▸ **WORK REQUIRED**
Reproduction of part of the material below, pictures omitted: copy exactly, and only, the lines starting with the one with "El grup de suport" and going on through the one with "Угол MNK = 2*30°".

▸ **EXCERPTED DATA**
+++
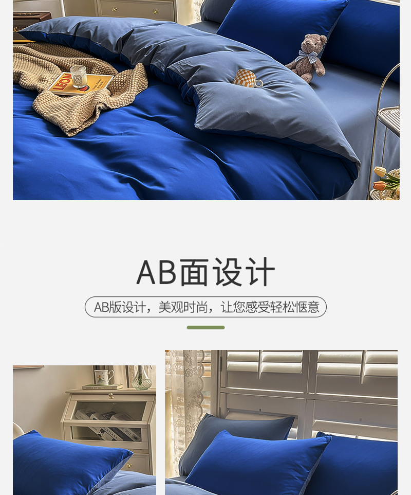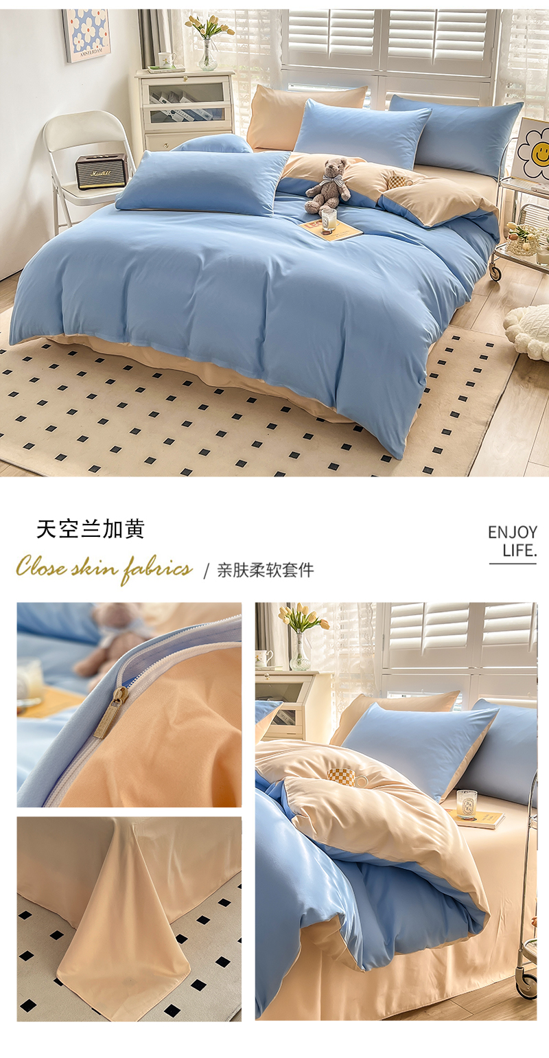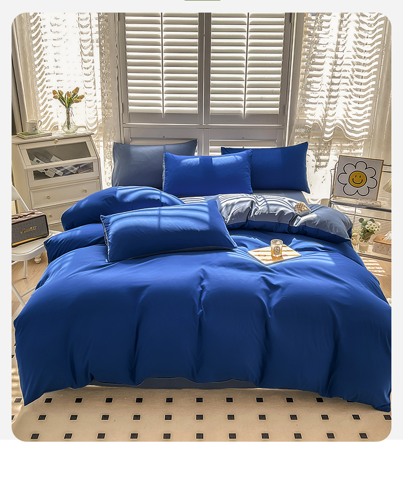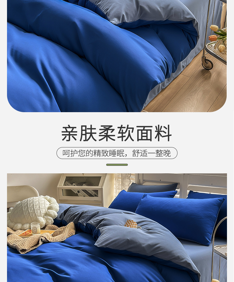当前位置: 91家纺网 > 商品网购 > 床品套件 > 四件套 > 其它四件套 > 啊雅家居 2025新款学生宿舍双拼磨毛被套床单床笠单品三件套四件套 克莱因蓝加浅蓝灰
+++
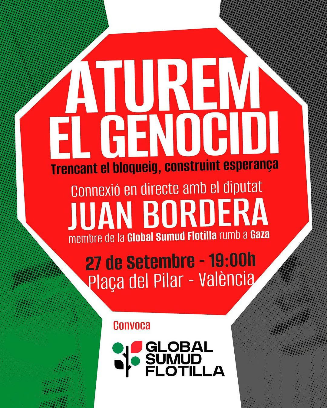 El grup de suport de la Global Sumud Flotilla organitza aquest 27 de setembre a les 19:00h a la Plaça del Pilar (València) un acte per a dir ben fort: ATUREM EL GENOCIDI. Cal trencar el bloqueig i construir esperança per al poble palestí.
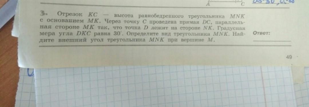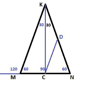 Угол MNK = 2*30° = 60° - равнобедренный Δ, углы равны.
+++
▸ **OUTPUT BELOW**
 El grup de suport de la Global Sumud Flotilla organitza aquest 27 de setembre a les 19:00h a la Plaça del Pilar (València) un acte per a dir ben fort: ATUREM EL GENOCIDI. Cal trencar el bloqueig i construir esperança per al poble palestí.
 Угол MNK = 2*30° = 60° - равнобедренный Δ, углы равны.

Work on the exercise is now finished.